Brazile cites the thousands of black voters misidentified as felons who were purged from voting rolls. One of Brazile's own sisters who lives in Florida had to produce three forms of identification on Election Day.

"These are problems that we can solve, that we should solve," Brazile says.

Some efforts have been made towards election reform. Last week, the Florida state legislature passed a bill to replace outdated polling equipment, provide more funding for poll worker training and voter education, and create a statewide standard for manual recounts and ballot irregularities.

A joint task force between MIT and Cal Tech is also working to produce new technology for voting booths.

But while more than 1,500 election reform bills have been introduced in individual states since December, no major proposals have yet been made at the national level.

"There's no national movement afoot now to solve the problems," Brazile says, criticizing President Bush for not including funds for election reform in his recently released budget. "Congress and the Bush Administration should provide matching grants to states to update their systems, as well as grants to train and recruit Election Day workers."

Brazile also says more should be done to educate voters and encourage more political participation. She says that one of the most important parts of her time at the IOP was encouraging students to get more involved.

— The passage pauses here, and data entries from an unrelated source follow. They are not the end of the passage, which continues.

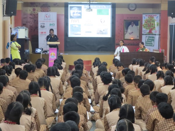 A brilliant documentary featuring the declining glaciers which impact polar bears, green house effect on gorillas and the impact of plastics on marine animals was shown, which created awareness among the students about various factors that contribute in systematically destroying the green cover of the earth. The highly engaging question answer session saw students quick to answer the tricky questions posed by the speaker. They were also keen to know how they can individually contribute towards nurturing the earth and a simple solution said it all – ”offer plant saplings as birthday gifts”. Students were also informed about Eco Achievers Olympiad to be held in the coming months and students desirous of participating were asked to register.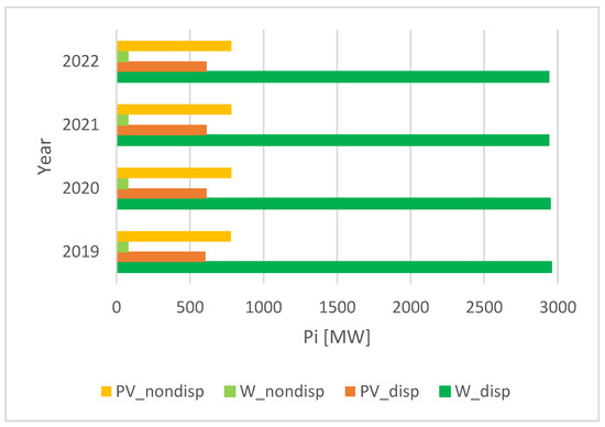 The total power for wind totals up to 3000 MW, whereas the dispatchable PV-installed unit power is up to 612 MW (as in Figure 8). The non-dispatchable PV-installed unit power is even higher, around 780 MW. Therefore, no significant investment took place during the last 3–4 years in RES in Romania.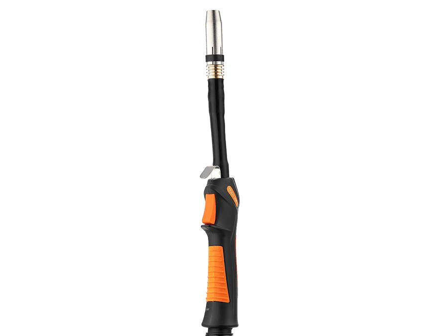 Специальная конструкция гусака позволяет изгибать его практически под любым углом относительно центральной оси— 270º. Это существенно расширяет возможности позиционирования горелки в пространстве и обеспечивает комфортную сварку в любых пространственных положениях, а так же в труднодоступных местах.

"Part of my job in politics is to bring other people in," Brazile says. "I tried to demystify the political process and encourage young people to take their place at the table."

Back in the Beltway

While Brazile's time at the IOP has given her months to reflect on the 2000 election, she says that the Bush Administration has given her even more motivation to return to the political scene.

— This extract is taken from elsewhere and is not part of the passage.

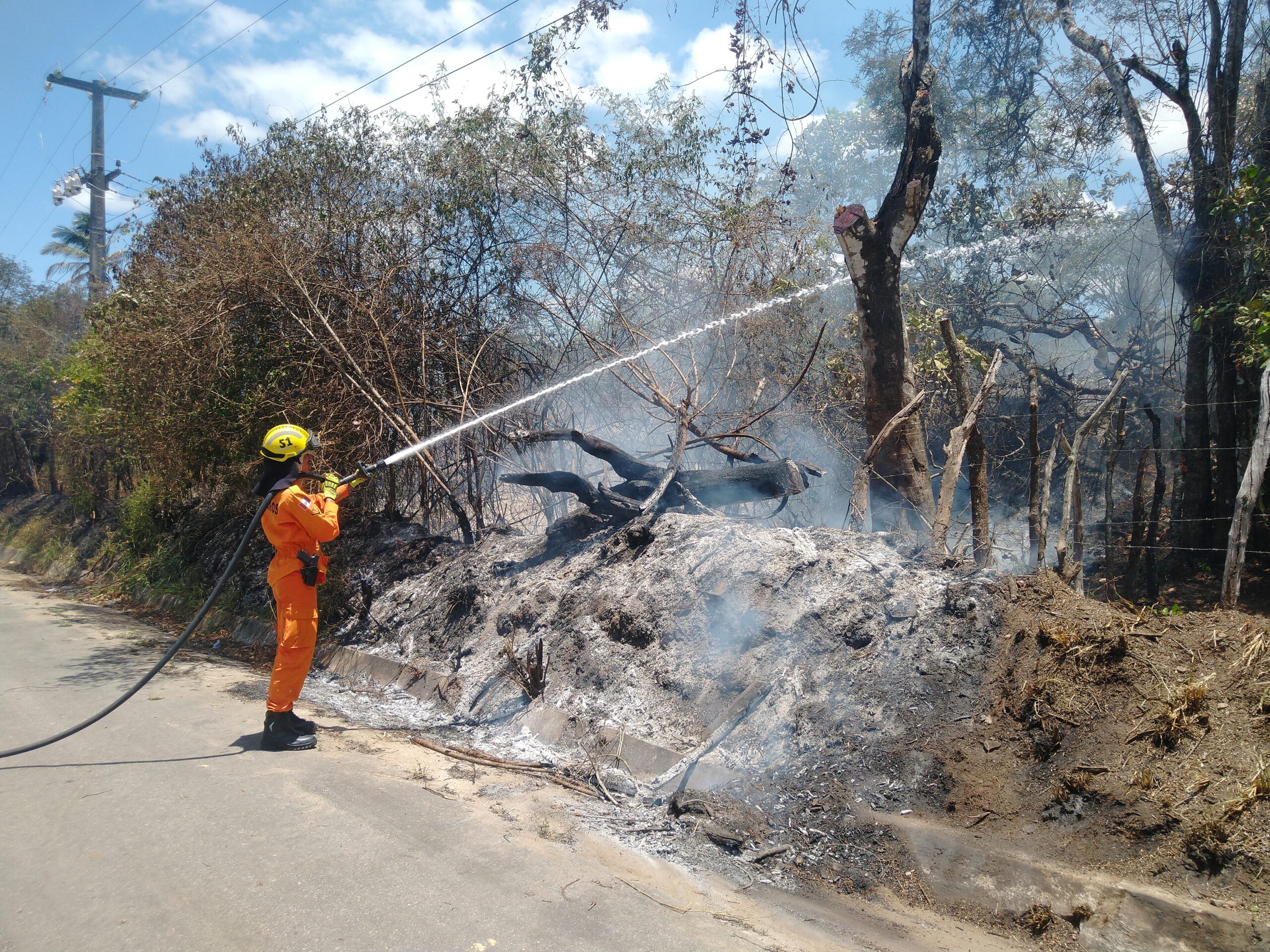 Bombeiro apagando fogo na vegetação | Foto: Pedro Ivon/Portal Rádio Sampaio

Brazile gives the beginnings of the Bush Administration a grade of "D." While she commends President Bush's handling of the Chinese plane collision, she not too surprisingly criticizes his environmental policies and his domestic goals.

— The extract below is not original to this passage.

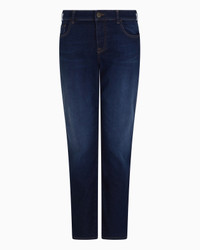 The modern style of these jeans, made of a stretch cotton and Lyocell blend denim, is enhanced by the mid-rise waist and slim, straight leg. Emporio Armani jeans are an undisputed choice in terms of style, perfect for showing off on any occasion. Slim fit. Slim fit Mid-rise waist with belt loops Five pockets Straight cut Zip and button closure Suede jacron with logo Laser-cut logo on the back Product Code: EW001499AF12677MB001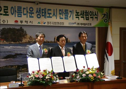 국내 최초로 이뤄진 이번 협약은 건축물 설계에서부터 에너지 절감, 환경친화적 건자재 사용, 생태적 조경 등 환경친화적으로 개발한다는 내용이 담겨있다.

"I grade him on his priorities," Brazile says. "His priority is on a huge tax cut which will hurt the economy and not get us back on its feet. I grade him on campaigning as a centrist and governing from the right wing. I believe he said he would change the tone in Washington and he hasn't."

But even though she believes Americans agreed with Gore on the majority of issues, she says that people should not criticize Bush's abilities.

"There's this perception that the President is not a very smart and capable fellow, but he is," Brazile says, describing how the Bush campaign was able to lower expectations during the presidential debates. "He's very smart and very shrewd. He understands politics and he is a very educated man."

And while Brazile accepts that Bush is the president, she has now returned to Washington, ready to help prepare the Democratic Party for the 2002 midterm elections, drawing on lessons from her IOP study group.

"We spent a lot of time talking about the election and things we could have done better, which allowed me to think about things we can do better in the future," Brazile says.

And while she is unsure what her exact future holds, she will remain in the political world, both as a Washington insider and an active citizen.

"There's a part of me that wants to go back out there and give it one more try," Brazile says. "Not as a campaign manager, but as a voter and informed citizen who can work to educate and train other citizens."

"I gave up practically everything to work for Al Gore, and now I have to basically rebuild my life," Brazile adds. "Hopefully I'll be able to find something challenging and interesting, but there's nothing like a presidential campaign."